WORK INSTRUCTION → After locating the line that contains "covered with snow", quote it and all lines after it through the end of the entries, and nothing more. Pictures stay out.

(Records from a data collection)
--------------------------------

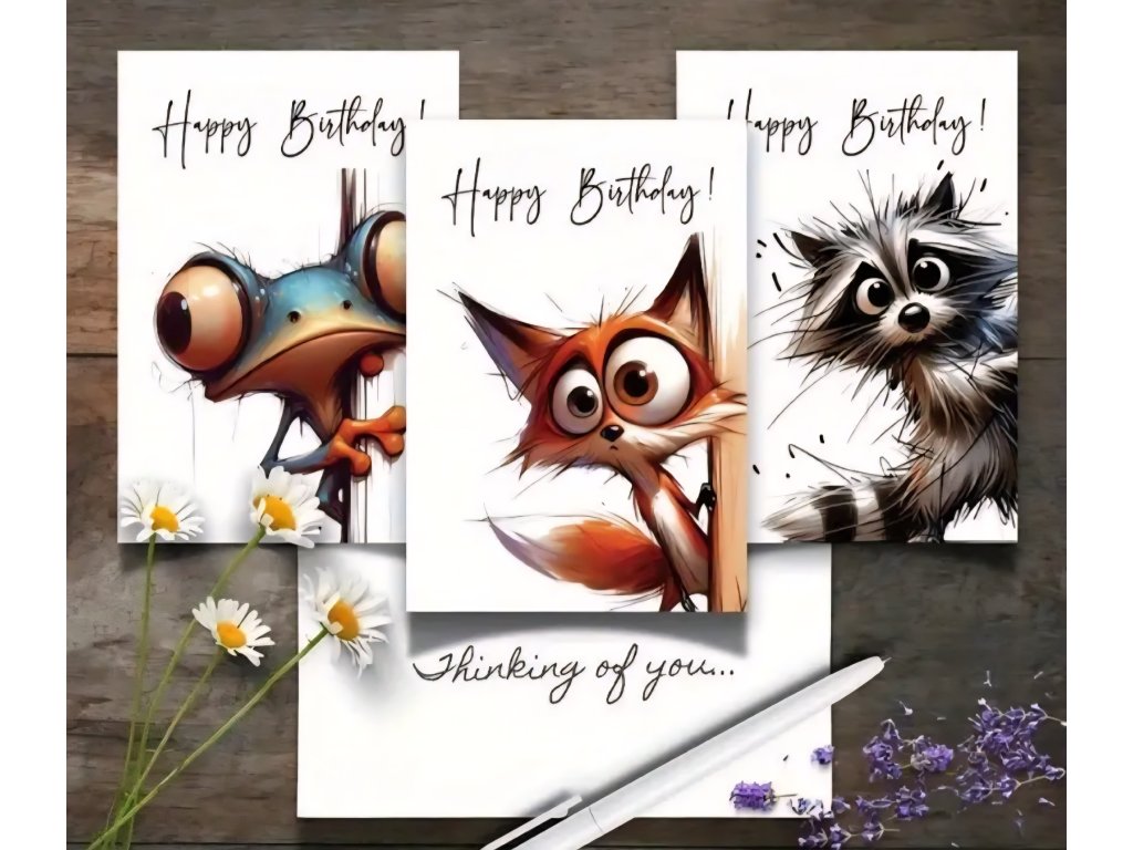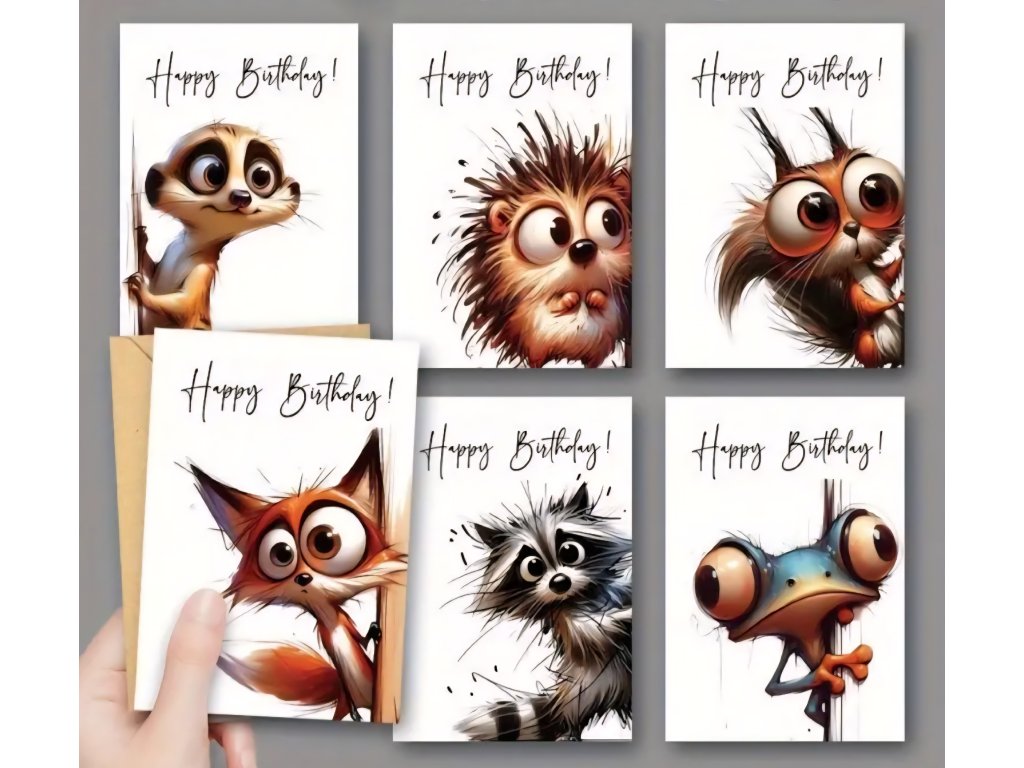 Hledáte narozeninové přání, které je stejně originální a zábavné jako oslavenec sám? Zapomeňte na nudné a obyčejné kartičky! Tato kolekce s vtipnými, umělecky ztvárněnými zvířátky s obrovskýma, lehce potrhlýma očima zaručeně vykouzlí úsměv na tváři a stane se hitem každé oslavy.
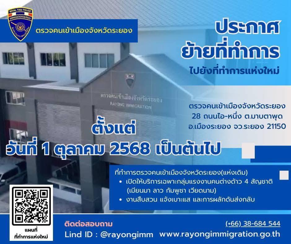 ตรวจคนเข้าเมืองจังหวัดระยอง แจ้งย้ายที่ทำการตรวจคนเข้าเมืองจังหวัดระยอง (แห่งใหม่) ตั้งแต่วันที่ 1 ตุลาคม 2568 เป็นต้นไป
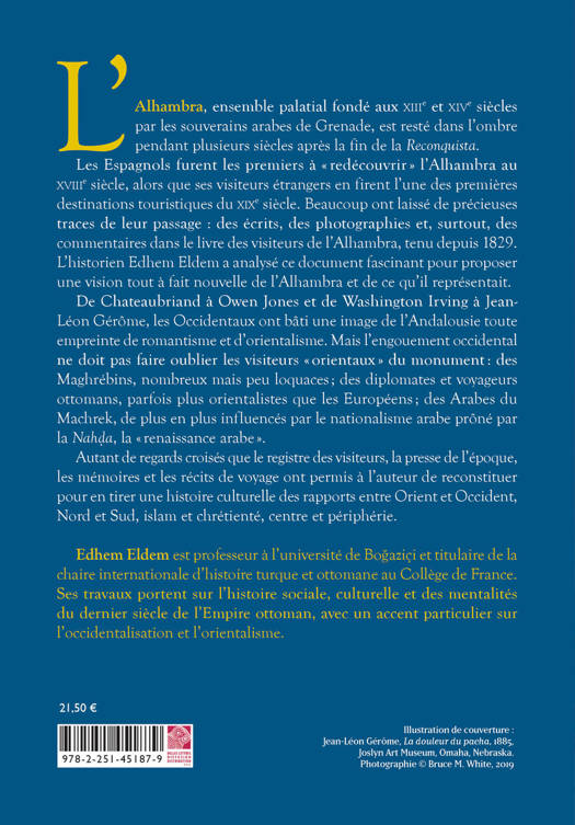 L’Alhambra, ensemble palatial fondé aux XIIIe et XIVe siècles par les souverains arabes de Grenade, est resté dans l’ombre pendant plusieurs siècles après la fin de la Reconquista. Les Espagnols furent les premiers à « redécouvrir » l’Alhambra au XVIIIe siècle, alors que ses visiteurs étrangers en firent l’une des premières destinations touristiques du XIXe siècle. Beaucoup ont laissé de précieuses traces de leur passage : des écrits, des photographies et, surtout, des commentaires dans le livre des visiteurs de l’Alhambra, tenu depuis 1829. L’historien Edhem Eldem a analysé ce document fascinant pour proposer une vision tout à fait nouvelle de l’Alhambra et de ce qu’il représentait. De Chateaubriand à Owen Jones et de Washington Irving à Jean-Léon Gérôme, les Occidentaux ont bâti une image de l’Andalousie toute empreinte de romantisme et d’orientalisme. Mais l’engouement occidental ne doit pas faire oublier les visiteurs « orientaux » du monument : des Maghrébins, nombreux mais peu loquaces ; des diplomates et voyageurs ottomans, parfois plus orientalistes que les Européens ; des Arabes du Machrek, de plus en plus influencés par le nationalisme arabe prôné par la Nahda, la « renaissance arabe ». Autant de regards croisés que le registre des visiteurs, la presse de l’époque, les mémoires et les récits de voyage ont permis à l’auteur de reconstituer pour en tirer une histoire culturelle des rapports entre Orient et Occident, Nord et Sud, islam et chrétienté, centre et périphérie.
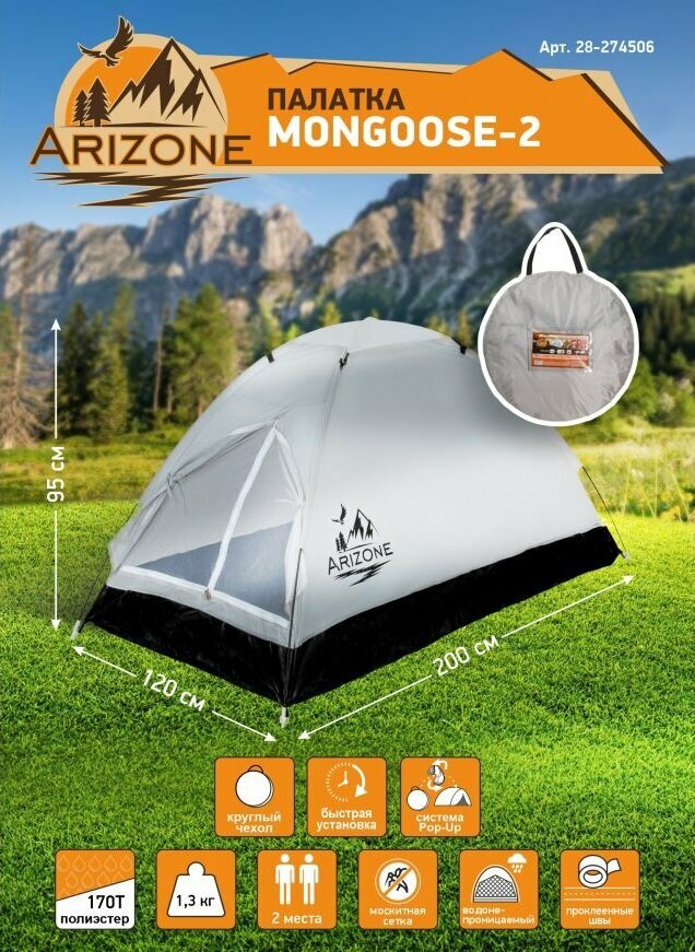 Палатка Mongoose-2, ARIZONE (размер: 200х120х95 см) (28-274506) интересное:
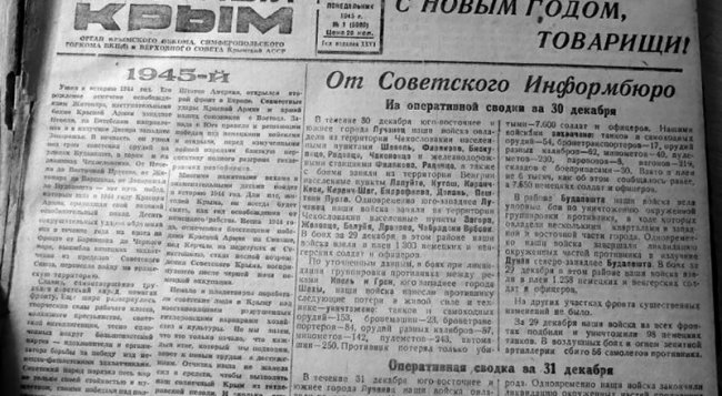 Так наша газета встретила 1945-й - 80 лет назад. Фото автора. Негромкий хлопок, от которого никто не вздрагивает, и комнату, всех и всё в ней, осыпают разноцветные кружочки конфетти, зелёные, красные, золотистые… И все смеются, внимательно осматривают пол, ведь среди крохотных кружочков иногда попадается пластмассовая фигурка, талисман на год. Сейчас хлопушки импортные, а раньше - небольшие, отечественные. Конфетти в хлопушках чаще были именно зелёного, красного, золотистого цветов - новогодних символов расцветка. В лесу родилась… Помните любимую новогоднюю песенку из советского детства (кстати, страна тоже предпраздничная, 30 декабря 1922-го рождённая). «В лесу родилась ёлочка,/ В лесу она росла./ Зимой и летом стройная,/ Зелёная была… Теперь она, нарядная,/ На праздник к нам пришла/ И много, много радости/ Детишкам принесла». Слова, как и сама традиция празднования Нового года в ночь на 1 января, в тогдашний Союз пришла из Российской империи, точнее, песенка оттуда. Песню о ёлочке создали творческие люди: текст - гувернантка Раиса Гедройц (в замужестве - Кудашева) написала в 1903-м для маленького воспитанника Алёши, а мотив к напечатанному в журнале стихотворению придумал для маленькой дочки Веры биолог Леонид Бекман, нотами записала его любимая Елена (в девичестве - Щербина). В Российской империи песня была рождественской (отмечали 25 декабря, по старому стилю), а в СССР стала новогодней, ведь «буржуазное» Рождество в пролетарской стране не принято… Зелёные ёлочки, сосенки на праздник в домах жителей Руси стали появляться 325 лет назад по велению царя Петра Первого, будущего (с 1721-го) императора. Его стараниями встречаем Новый год в ночь с 31 декабря на 1 января, как велено было, «с ёлками в домах, с пушечной стрельбой, фейерверками и гуляньями», на рубеже 1699-го - 1700-го. До того смену лет на нашей земле отмечали либо по осени, 1 сентября, с решения князя Киевской Руси Владимира Святославовича, связывая с окончанием полевых работ и сбором урожая (официально дату в конце XV века утвердил московский царь Иван Третий); либо по весне, с 1 марта, начала земледелия, или 22 марта - дня весеннего равноденствия. И новогодними растениями считались то снопы ржи и пшеницы, то ветви яблони и вербы. Но и ёлки быстро прижились - вечнозелёные (прекрасные даже без украшений - их в 1817-м ввела императрица Елизавета Алексеевна, любимая Александра Первого), символы жизни, продолжения. Такой смысл, надежду и веру в лучшее, в победу, помнили в Великую Отечественную жители блокадного Ленинграда и оккупированных Симферополя, Минска, Херсона, всех временно занятых врагом городов и сёл советской страны, когда угольками из буржуйки, крошками мела, камешком, просто водя пальцем по стенке, рисовали в новогоднюю ночь еловую веточку. И разведчики помнили, принося в роты и отряды небольшие новогодние деревца, их украшали письмами из дома и пустыми гильзами от патронов. А в осаждённом Севастополе в ночь на 1 января 1942-го новогодние ёлочки, что принесли с позиций бойцы, радовали людей в бомбоубежищах - довоенными игрушками. И песня о ёлочке звучала, и вспоминали, особенно, взрослые, с благодарностью вождя страны Иосифа Сталина. Празднование после Великой Октябрьской революции 1917-го ещё недолго было, в 1919-м устраивал новогоднюю елку детям пролетариев Владимир Ленин, волею которого годом ранее у с
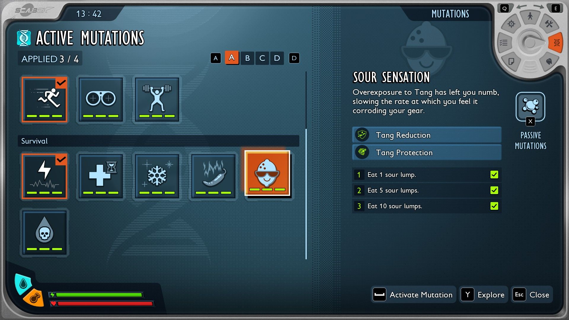 You unlock the Sour Sensation mutation by eating Sour Lumps. Eating 10 of them will fully upgrade the mutation, giving you these benefits while it’s active:
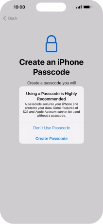 Follow the instructions on the screen to turn on use of phone lock code or press Don't Use Passcode.
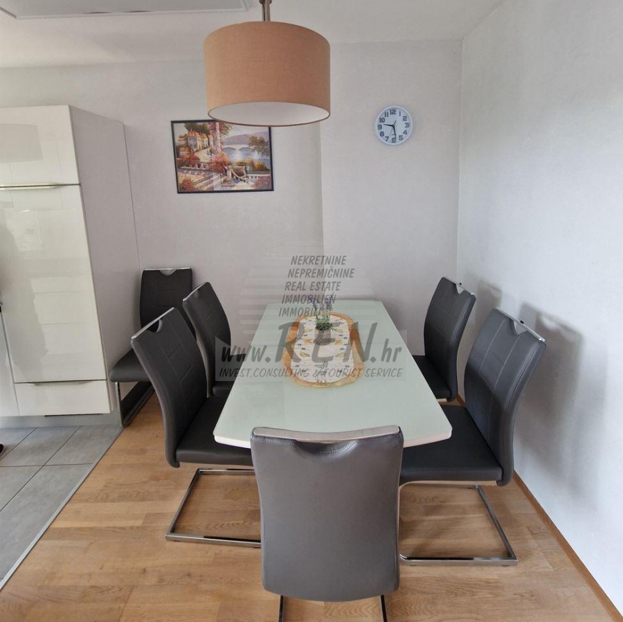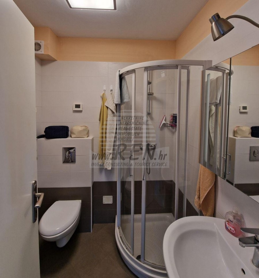 Die Wohnung in der Nähe von Umag hat eine Gesamtfläche von 52,80 m2, liegt im zweiten Stock, wurde 2013 erbaut und ist 5 Min. (200 m) vom Meer und vom angelegten Strand, 10 Min. (4000 m) vom Zentrum von Umag entfernt. Die Wohnung besteht aus einer Küche mit Esszimmer, Wohnzimmer, Badezimmer, Schlafzimmer, Flur, Terrasse. Es ist mit Klimaanlage, Aufzug, Privatparkplatz und Meerblick ausgestattet. Es wird mit Möbeln verkauft.
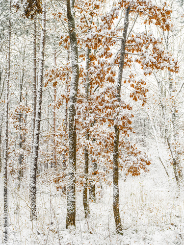© babaroga, Fototapeta premium winter forest, white forest flor covered with snow
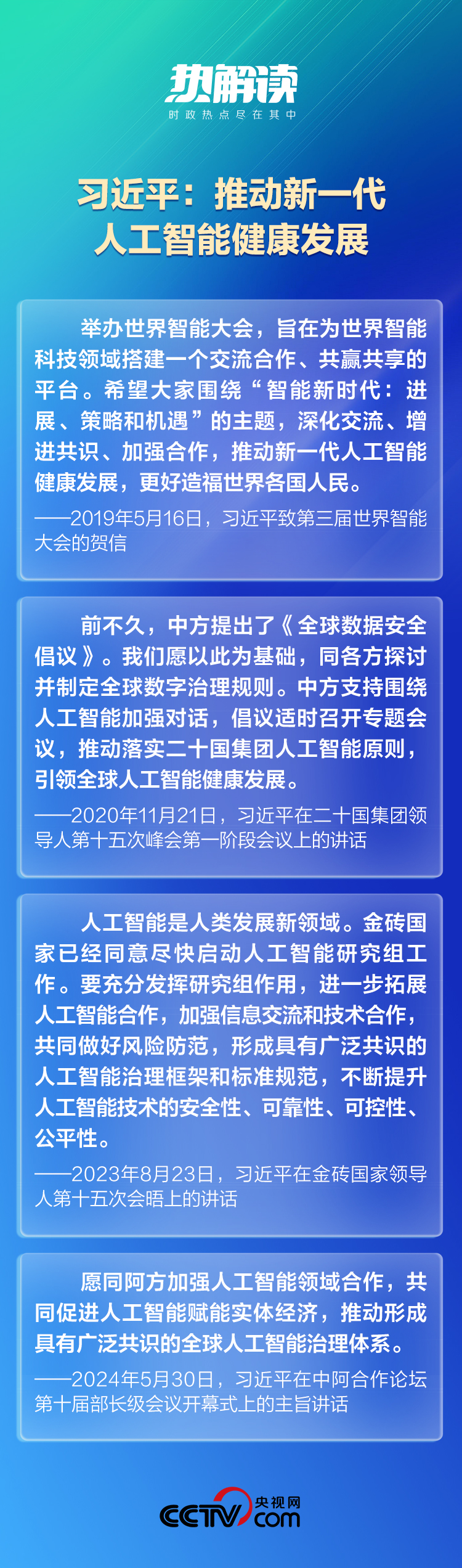 早在2018年,习近平总书记在主持十九届中央政治局第九次集体学习时就强调要未雨绸缪,加强战略研判,确保人工智能安全、可靠、可控。此后,习主席又在多个国际场合倡议“不断提升人工智能技术的安全性、可靠性、可控性、公平性”,“引领全球人工智能健康发展”。
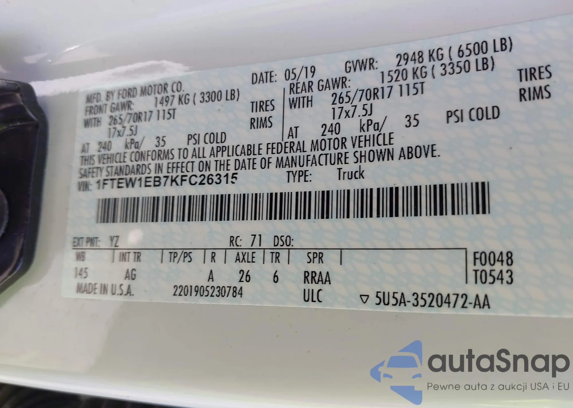 • VIN 1FTEW1EB7KFC26315
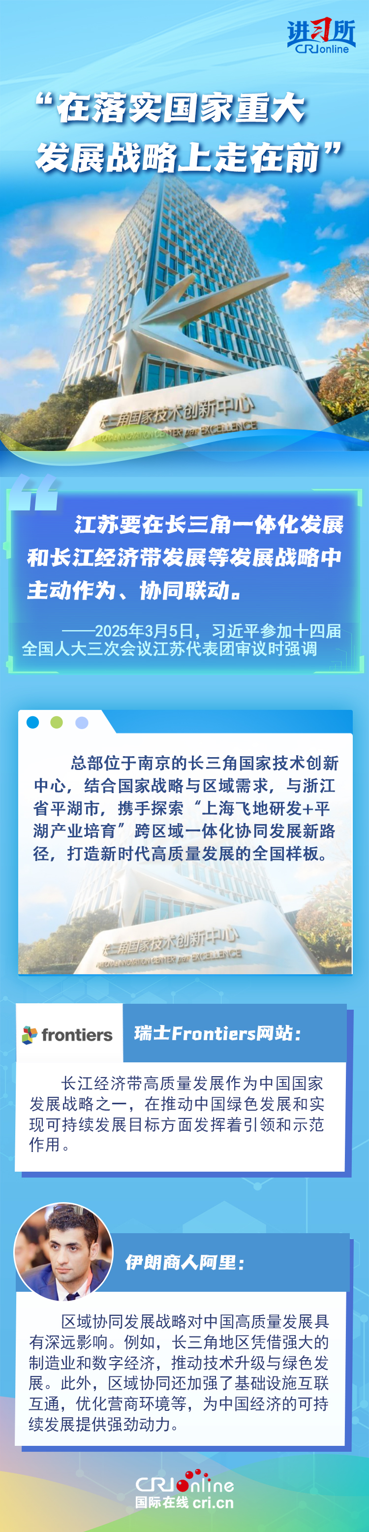 從紫金山實(shí)驗(yàn)室的6G突破到蘇州工業(yè)園區(qū)的開放升級,從長三角協(xié)同創(chuàng)新到永聯(lián)村的共富實(shí)踐,江蘇在中國式現(xiàn)代化新實(shí)踐上已成為世界觀察中國高質(zhì)量發(fā)展的重要窗口。國際人士認(rèn)為,中國因地制宜的創(chuàng)新發(fā)展之路有力推動了國家現(xiàn)代化進(jìn)程與民生福祉提升。
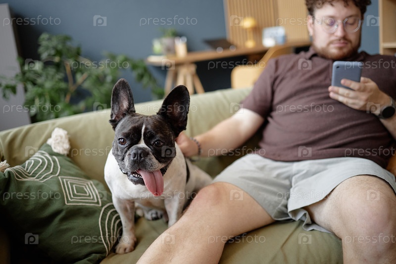 Молодой взрослый мужчина использует смартфон, пока ласкает французского бульдога в помещении
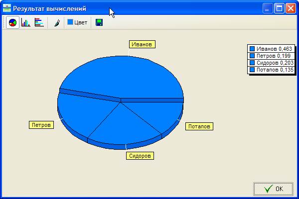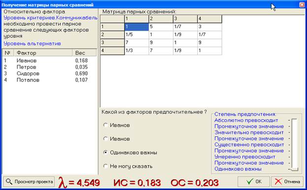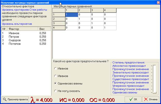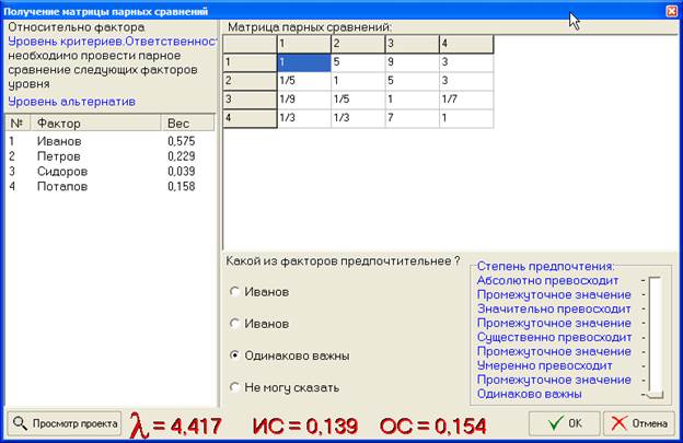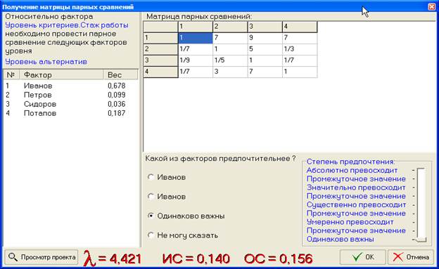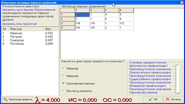 Затем мы запускаем выполнение вычислений, где нам необходимо относительно каждого уровня произвести оценку нескольких факторов, тем самым расставив предпочтения (рис. 4)

--------------------------------

RESPONSE TO THE TASK →
© babaroga, Fototapeta premium winter forest, white forest flor covered with snow
 早在2018年,习近平总书记在主持十九届中央政治局第九次集体学习时就强调要未雨绸缪,加强战略研判,确保人工智能安全、可靠、可控。此后,习主席又在多个国际场合倡议“不断提升人工智能技术的安全性、可靠性、可控性、公平性”,“引领全球人工智能健康发展”。
 • VIN 1FTEW1EB7KFC26315
 從紫金山實(shí)驗(yàn)室的6G突破到蘇州工業(yè)園區(qū)的開放升級,從長三角協(xié)同創(chuàng)新到永聯(lián)村的共富實(shí)踐,江蘇在中國式現(xiàn)代化新實(shí)踐上已成為世界觀察中國高質(zhì)量發(fā)展的重要窗口。國際人士認(rèn)為,中國因地制宜的創(chuàng)新發(fā)展之路有力推動了國家現(xiàn)代化進(jìn)程與民生福祉提升。
 Молодой взрослый мужчина использует смартфон, пока ласкает французского бульдога в помещении
 Затем мы запускаем выполнение вычислений, где нам необходимо относительно каждого уровня произвести оценку нескольких факторов, тем самым расставив предпочтения (рис. 4)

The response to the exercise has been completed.